Призывает ли Церковь каждого верующего, который присутствует на литургии, к причащению?
По древнему уставу, Литургия подразумевает, что только те, которые имеют право причащаться, будут присутствовать на литургии верных. В древности это различение было очень яркое и ясное. Те, которые не были крещены, те, которые находились в разряде кающихся, то есть согрешили и не имели права причащаться, в какой-то момент, когда говорится дьяконом: Оглашенные, изыдите — покидали храм. Оставались в храме только те, которые могли причаститься. Потому что совершение таинства причащения — это дело всей Церкви, а не только священника. Если ты не можешь принять участия в совершении таинства, ты не имеешь никакой возможности и принять участие в причащении Святых Таин. Помню, Сергей Сергеевич Верховской никогда не оставался на литургию верных, если считал, что внутренне не в состоянии приобщиться, что в чем-то чувствует себя изменником Евангелию и Христу. И уходил.
Путь возвращения на литургию верных и к причащению все же у него был и у каждого есть, то есть — покаяние, исповедь, прощение грехов. Считаешь ли ты, что обязательно надо связывать исповедь и отпущение грехов с причащением?
Я думаю, что ты очень хорошо отметил “покаяние” и “отпущение грехов”, как два разные момента, потому что исповедание грехов может быть холодное, может быть не глубинное, а покаяние — нечто, абсолютно глубинное. Есть место у святого Варсонофия Великого, где он говорит, что слезы истинного покаяния так очищают, что после этого не надо идти на исповедь, потому что к тому, что Бог простил, священник прибавить ничего не может.

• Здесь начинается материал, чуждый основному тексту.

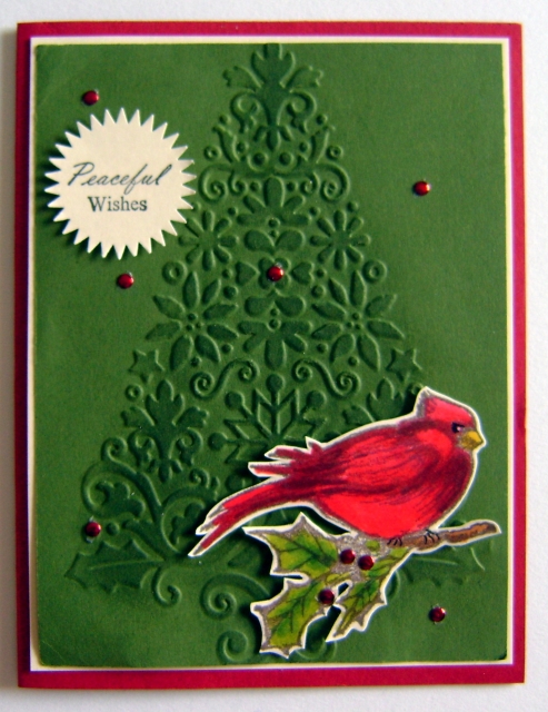 I found the background already embossed in my stash. I swiped over the tree with Versa Mark ink so that it would stand out more. I stamped the cardinal from Inkadinkado, colored it with Spectrum Noir marker and fussy cut it. It was pop dotted to the card. The saying from Sparkle N Sprinkle was cut out with a punch and also pop dotted to the card. Red enamel dots were added for embellishment.

Покаяние, то есть внутренний переворот, который тебя обращает вновь лицом к Богу и, который в этом состоянии тебе дает себя самого видеть, как Бог тебя видит, в меру того, сколько ты можешь это воспринять и понести. Потому что Бог нам не дает себя видеть так, чтобы это разрушило в нас и надежду, и вдохновение. Но поскольку это возможно, обращение лицом к Богу и отказ от своего греховного состояния, исповедь имеет свое место, потому что опыт показывает, что иногда покаешься очень глубоко в самом себе перед Богом, а если подумать немножко, все-таки остается где-нибудь в тебе чувство: только бы люди не узнали об этом. Богу я все это могу сказать, сам я могу это осознать, но только бы люди не узнали… И вот исповедь в присутствии священника в какой-то мере разбивает это средостение. Я говорю “в какой-то мере”, потому что в древности той исповеди, которая у нас бывает, личной от одного человека в присутствии одного священника, не было. Люди согрешившие приходили, становились перед общиной и исповедовали свой грех перед всеми. И если община чувствовала, что она в силах этого человека подъять, поддержать, принять в глубины своего сердца, быть для него исцеляющей общиной, тогда он мог получить прощение. Но это было в начале, когда Церковь была гонима и когда каждый христианин был так связан со Христом и так связан со всеми другими, кто исповедовал Спасителя, что он мог это сделать в их присутствии. Но если подумать о том, что было бы сейчас, если бы кто-нибудь из нас вышел перед литургией и сказал публично: “Дорогие братья и сестры, я карманный вор”… или: “я убийца”, или: “я бесчинник” — как бы отреагировали люди? Они шарахнулись бы. Только маленькие группы, члены которых связаны друг с другом лично, которые, по слову апостола Павла, готовы друг друга тяготы носить или другом месте: вы, сильные, носите тяготы слабых, — только в такой группе можно было бы открываться.
Кажется, я когда-то рассказывал о случае на одном из самых ранних съездов РСХД, когда офицер пришел на исповедь и сказал священнику, что может исповедать все свои грехи, но только умом, — он сознает зло головой, но сердце остается каменным. И священник сказал: “В таком случае, не исповедуйся мне. Когда соберутся люди на литургию, ты выйдешь вперед и принесешь исповедь перед всеми”. Тот нашел в себе мужество это сделать. И он ожидал, что когда начнет говорить, люди (это была в основном молодежь) шарахнутся от него, закроются, это будет еще страшнее, но может быть, когда он увидит ужас, отвращение на их лицах, это потрясет его душу. А потрясло его душу нечто совершенно иное. Когда он сказал, что будет исповедать всю свою жизнь, и начал исповедь, вдруг он почувствовал, что вся молодежь открыла ему, как он тогда сказал, свои объятия и свое сердце, и в ответ на эту сострадательную любовь он расплакался и свою исповедь произносил уже не головы, а от сердца. И вот тут очень важный момент устной исповеди перед священником, если исповедь не сводить на формальную вычитку каких-то грехов, которые можно по книге или по Евангелию или иначе прочесть.